The transition from blueschist to greenschist facies can be modeled by the water-conserving reaction glauocophane (Gl) + 2 diopside (Di) + quartz (Qtz) = tremolite (Tr) + 2 albite (Ab). This reaction has been experimentally investigated in the system H₂O-Na₂O-CaO-MgO-Al₂O₃-SiO₂ using a reversal mixture consisting of stoichiometric proportions of synthetic end-member phases, including glaucophane (Jenkins & Corona, 2006, Am. Min.).  The reversal mixture was treated in sealed Pt capsules in the presence of only 2-3 wt% water to prevent the formation of a sheet silicate previously identified by the author as vermiculite.  Treatments were made at 500 – 800 °C and 1.0 – 2.1 GPa using a ½-inch piston cylinder press with NaCl pressure medium for typical durations of 5-9 days.  The reaction direction was judged from X-ray diffractometer patterns and the compositional changes of the phases determined by electron microprobe analysis.

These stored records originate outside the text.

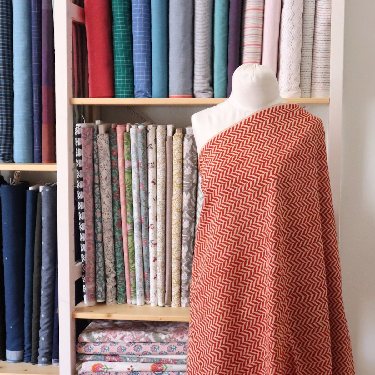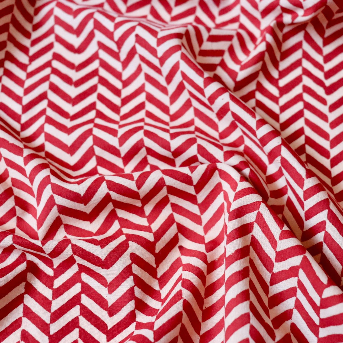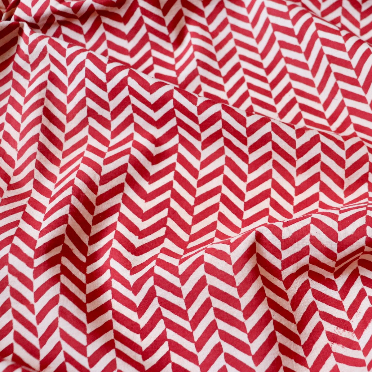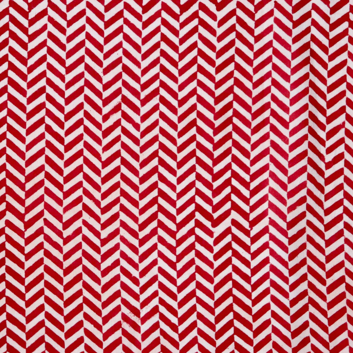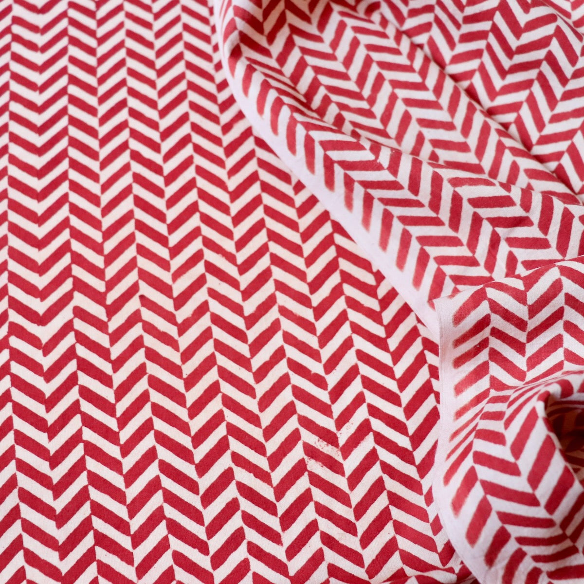Plaits of brick red on warm beige cotton, very soft. Herringbone stripes measure about an inch wide. Coordinates with Rusty Red Sprig and Chili Red Floral block prints.
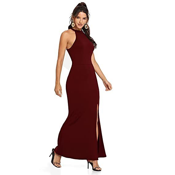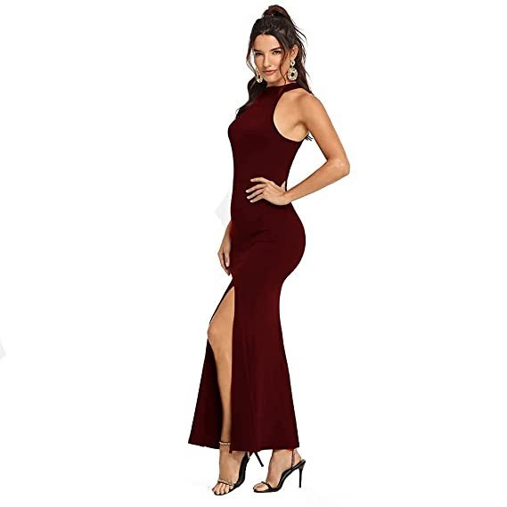 Vivvli Women's Bodycon Front Slit Maxi Western Dress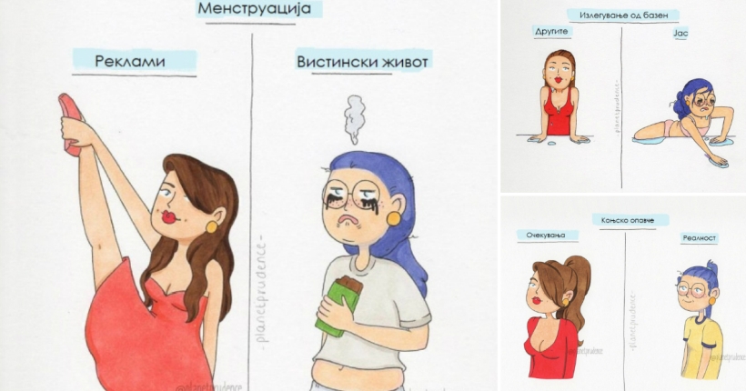 Женските очекувања неретко се разминуваат со реалноста, а илустраторката Пруденс вешто го доловува тоа во своите илустрации.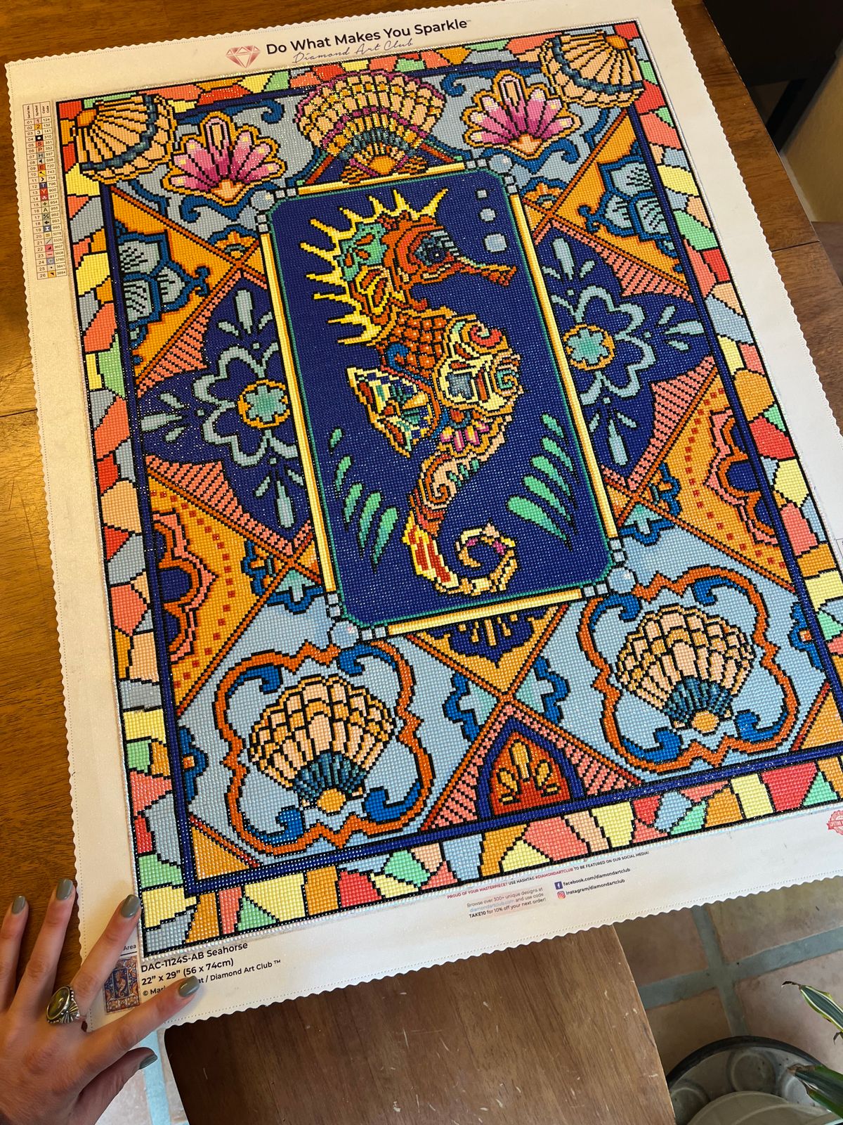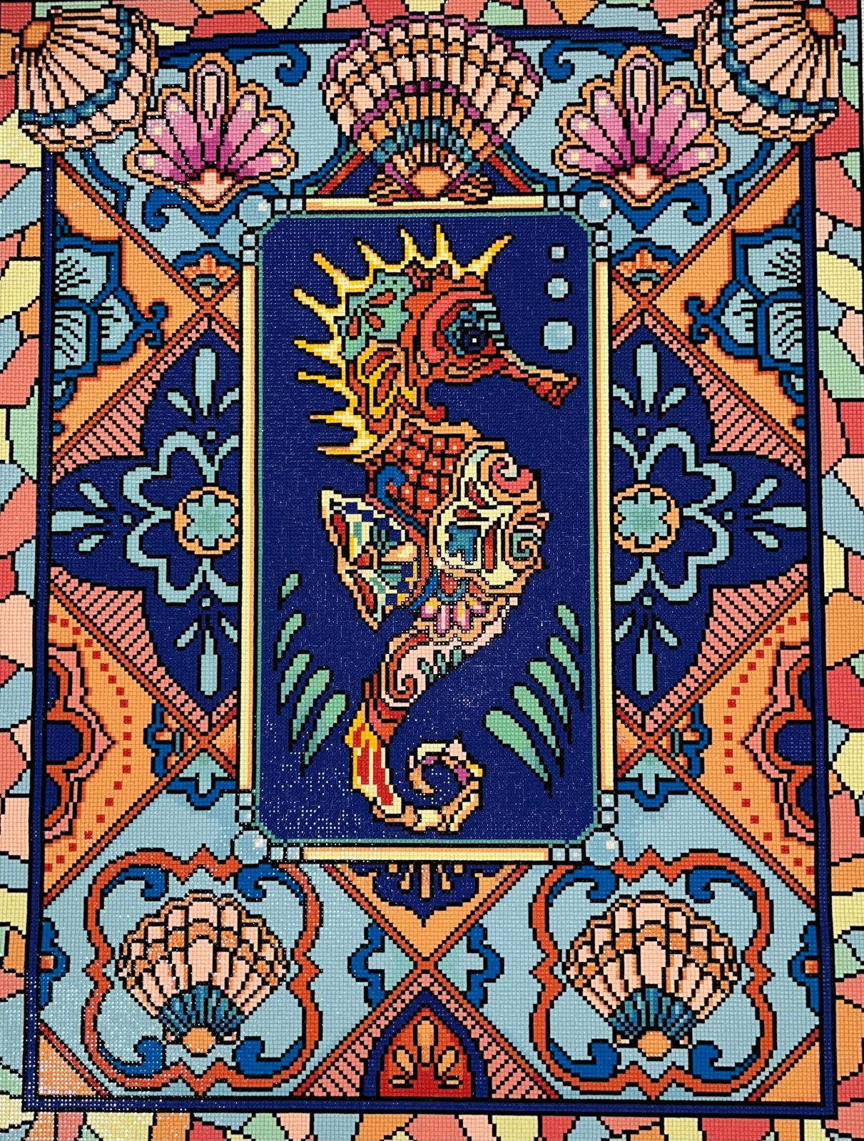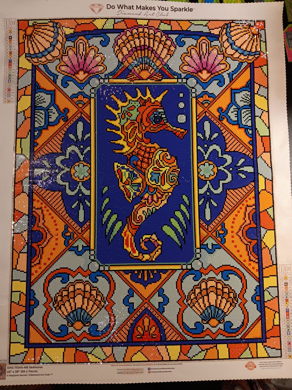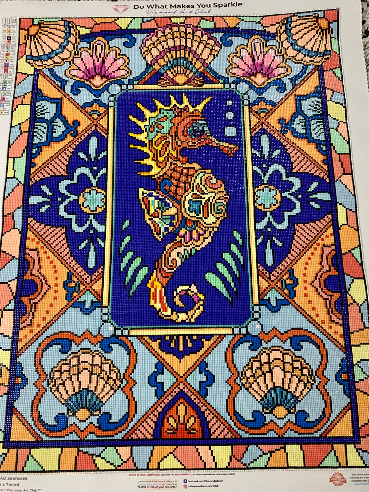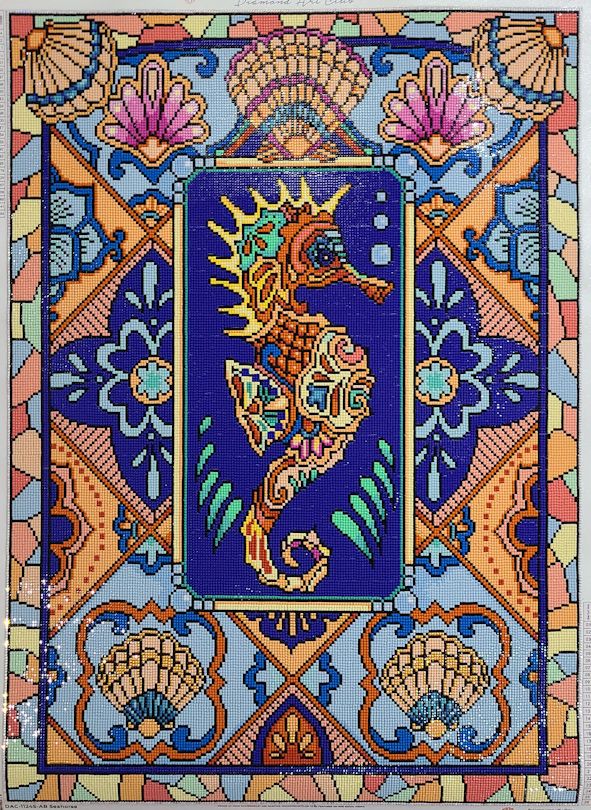 Purchased this kit way back in June of 2020 and had it on the back burner all this time. Loved the bright Spring like pastels in it. The design was fun and challenging. I made some design changes and had a blast adding AB's here and there, especially on the Seahorse. Experimented with color shading, especial with the AB's. Really enjoyed working on this one and it looks fantastic. Highly recommend this one for a change of pace for the design and artwork.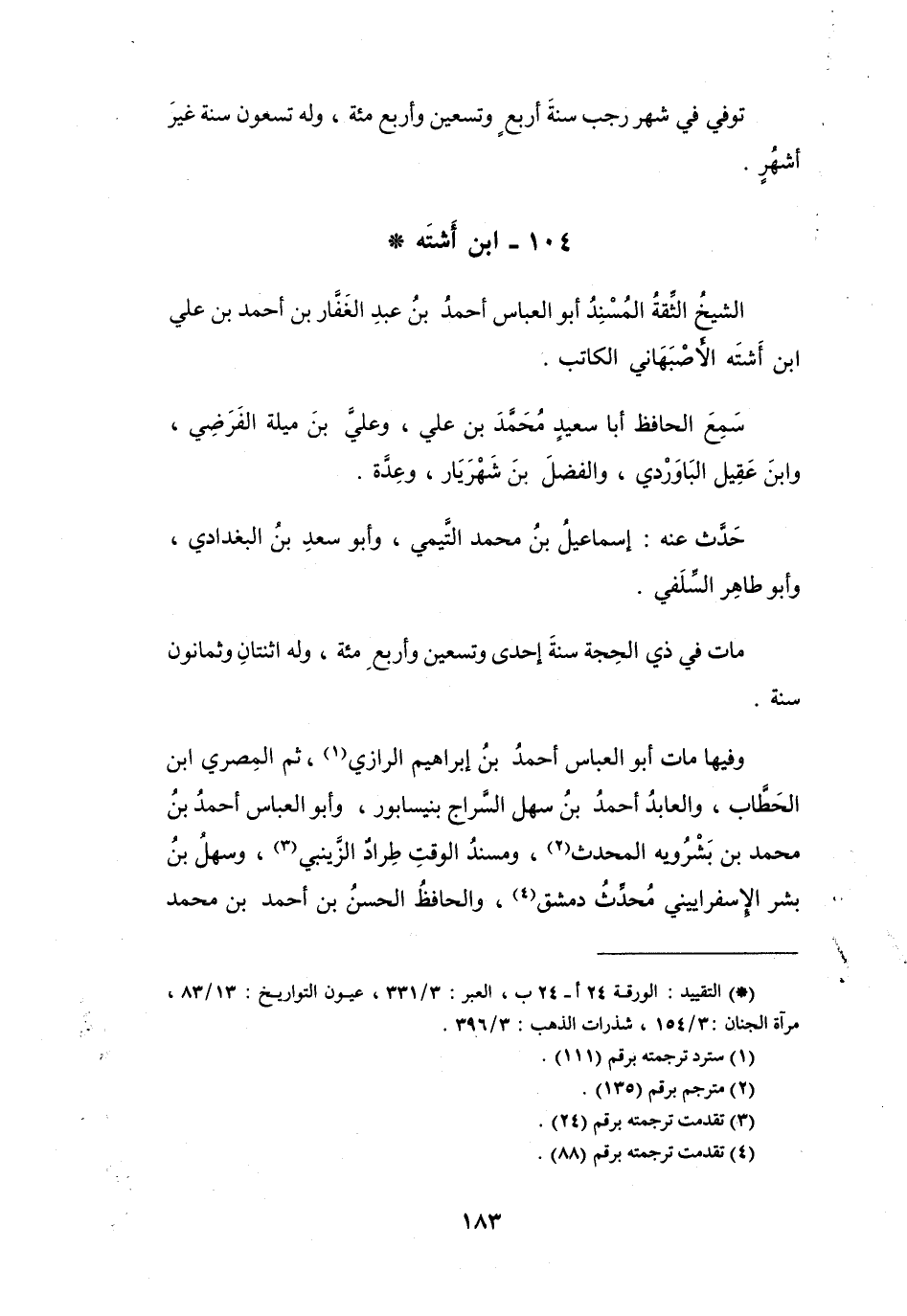 104 - ابْنُ أَشتَه أَبُو العَبَّاسِ أَحْمَدُ بنُ عَبْدِ الغَفَّارِ بنِ أَحْمَدَ *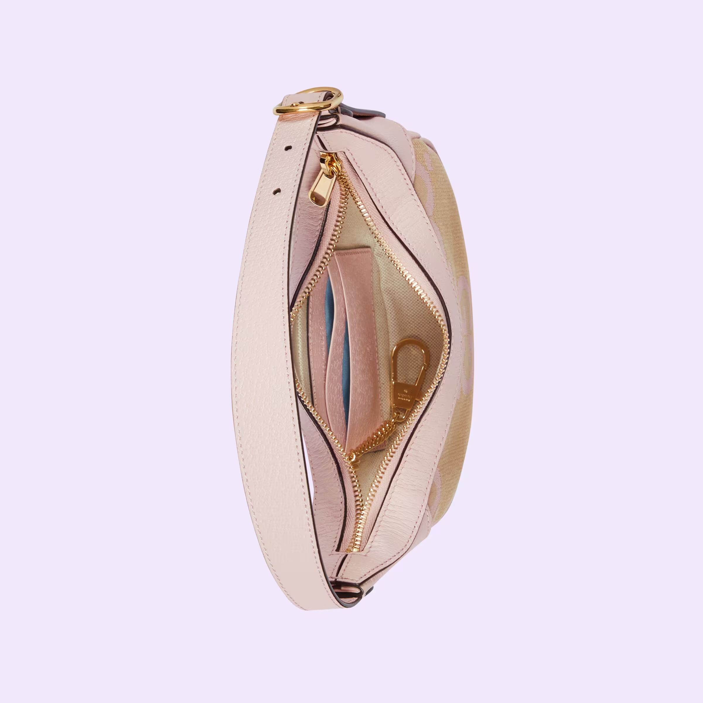 Steeped in history, the House’s monogram is reimagined in a maximalist, jumbo-sized motif. Here, it forms the foundations of this structured mini bag, enriched with a fresh color palette and a gold-toned Double G emblem.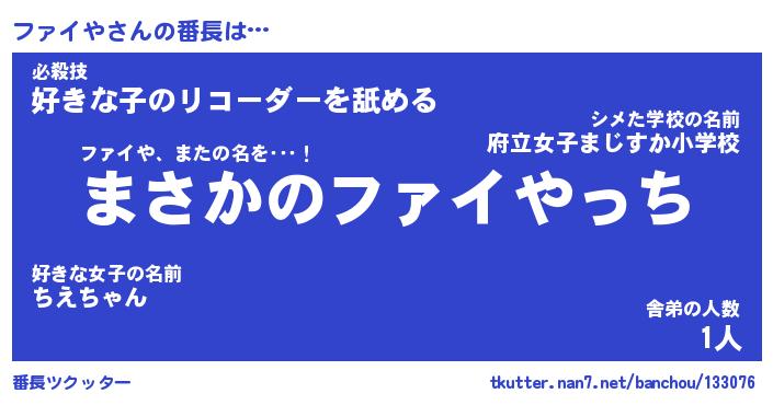 | 肩書あだ名 | 『ファイや店長』『ファイや国家主席』 |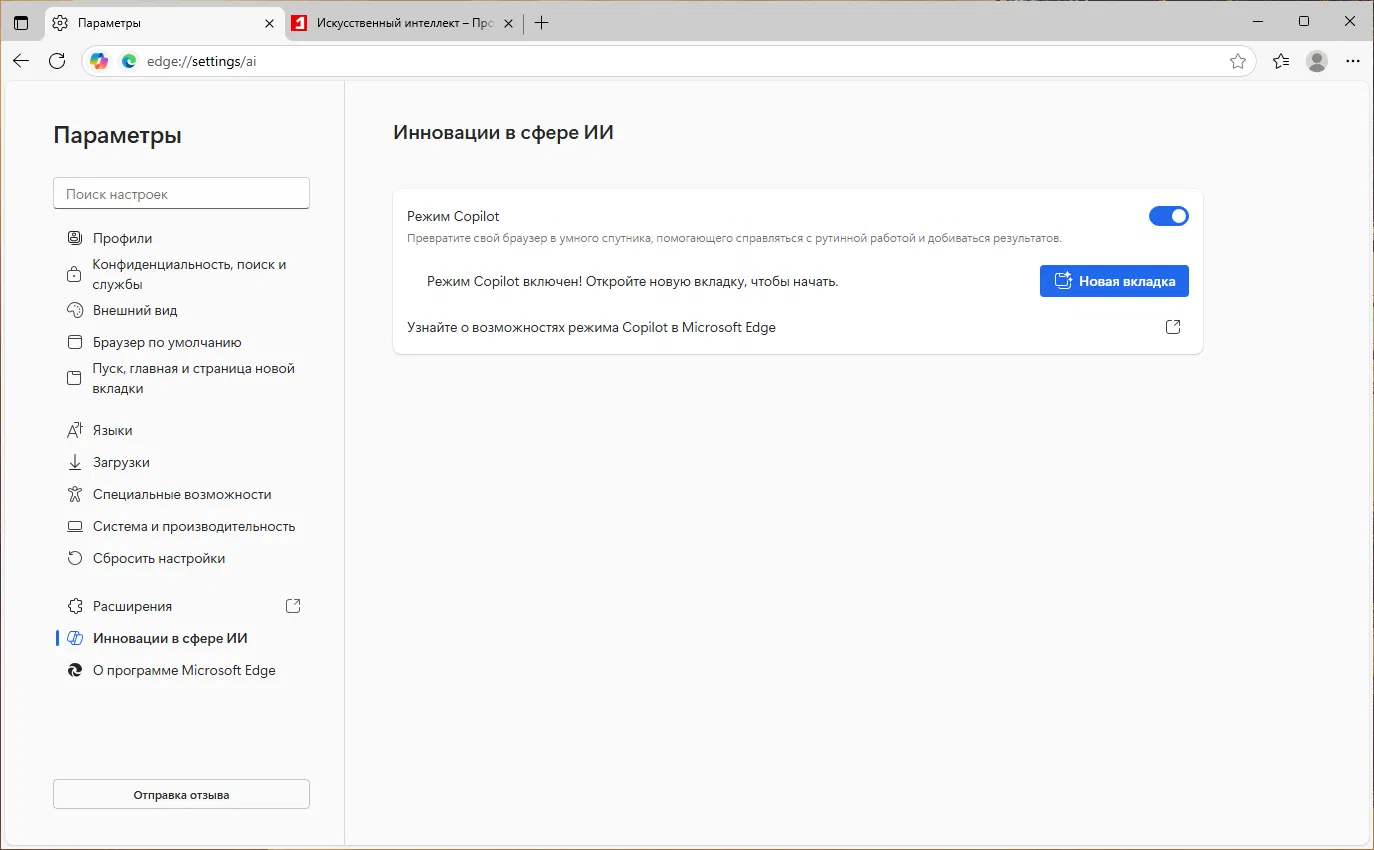 Инновации в сфере ИИ > Режим Copilot или введите в адресной строке edge://settings/ai. Там вы найдёте переключатель для включения и выключения режима Copilot, чтобы вернуть привычный вид браузера.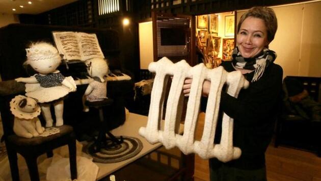 - Я представляю для зрителей историю одного дня - взятую мной из детства и, надеюсь, близкую каждому, - рассказала «ВМ» Ирина Андреева. - Когда я была маленькой, то все лето проводила в гостях у бабушки Нюры, в большом селе в Предуралье. С детства мне навсегда запомнился запах деревни, а войлок - этот материал, который своим запахом напоминает деревню. Первые работы из войлока я на четвертом курсе Удмуртского государственного университета, где я училась на художественно-графическом факультете в 1995 году. С войлоком у нас в университете никто не хотел работать - слишком это было хлопотно - работать с этим материалом. Я валяю из войлока довольно крупные предметы - фортепиано, шкафы, стулья, столы - почти в натуральную величину и делаю различных персонажей. При этом я не гонюсь за излишней деталировкой - лица у моих персонажей схематичны - пусть каждый додумывает сам. Сюжеты, о которых я рассказываю, близки каждому и понятны - а сам материал, это материал памяти - его очень хорошо вспоминать.
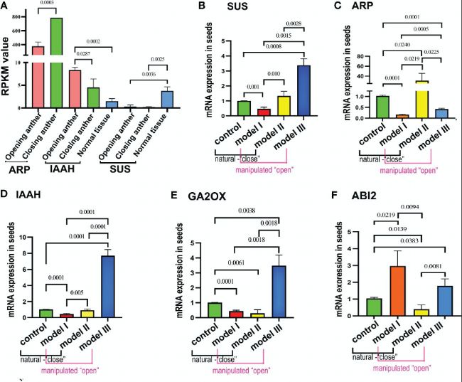 不同花粉授粉模型的評估結(jié)果顯示,IAAS、蔗糖合成酶(SUS)、赤霉素2-氧化酶(GA2ox)、ABA不敏感蛋白2(ABI2)和生長素抑制蛋白(ARP)這五個與休眠調(diào)控相關(guān)的標記基因在閉合阻斷花藥的花粉、低溫保護的花粉以及剛開裂花藥的花粉三種情況均表現(xiàn)出差異表達模式。閉合阻斷花藥處理導(dǎo)致IAAS、SUS、GA2ox和ABI2的表達顯著上調(diào),而ARP表達則顯著下調(diào),這表明閉合阻斷花藥處理傾向于延長種子休眠期。而在低溫保護的花藥模型中,SUS、ARP、GA2ox和IAAS的表達水平降低,ABI2表達上調(diào),總體上促進種子萌發(fā)。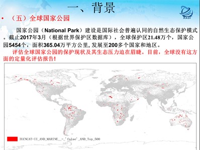 保護區(qū)評價,目前開展的是全球國家公園保護現(xiàn)狀和生態(tài)壓力評估正在做工作,首先為什么要干這項工作,加強國家公園保護狀態(tài)和生態(tài)壓力定量化評估,有助于人類了解地球上最美麗的生態(tài)環(huán)境資源的性質(zhì)和數(shù)量以及人類自身對這些資源產(chǎn)生了什么的壓力,有助于提高人類關于自然保護與持續(xù)發(fā)展的科學認識和面對生態(tài)環(huán)境退化的應對能力。有助于提升我國在世界上生態(tài)環(huán)境保護的地位和話語權。有助于提升我國在全球國家公園建設、生態(tài)安全維護和“一帶一路”戰(zhàn)略布局都具有重要的參考價值。通過研究世界上最好的范例,對中國國家公園體制改革試點、中國國家公園建設彎道超車和中國保護區(qū)事業(yè)健康發(fā)展均具有一定的借鑒意義。

  The reaction was experimentally reversed placing the location of the boundary at 1.35 ± 0.25 GPa at 500 °C.  There was very little change in the compositions of the phases at 500 °C, probably owing to the sluggish kinetics of compositional re-equilibration at this temperature.  At 600 °C and pressures < 1.5 GPa, Tr and Ab grew at the expense of Gl and Di with little solid solution between the amphiboles (Tr₉₇Gl₃ and Tr₁₆Gl₈₄), but at higher pressures solid solution in the pyroxene begins to occur by the reaction of Ab with Di to form omphacite (Di₅₀-jadeite₅₀) + quartz and significant solid solution occurs between Tr and Gl.  By 700 °C there appears to be either two coexisting populations of amphibole of composition Tr₄₅Gl₅₅ and Tr₃₀Gl₇₀ or simply poor re-equilibration of Tr and Gl to a single amphibole of the composition winchite (= Tr₅₀Gl₅₀) coexisting with omphacite.  By 800 °C both pyroxene and amphibole have fully re-equilibrated to omphacite and winchite.  These results indicate that, in this Fe-free system, the studied reaction defines the blueschist-to-greenschist transition at about 1.35 GPa at 500 °C and about 1.5 GPa at 600 °C.  This boundary will most likely shift to lower P with the addition of Fe.  Above 600 °C this reaction is no longer univariant but instead is divariant.  These results also suggest that the crest of the (Fe-free) miscibility gap between Tr and Gl lies between 700 – 800 °C at 1.6 – 1.9 GPa.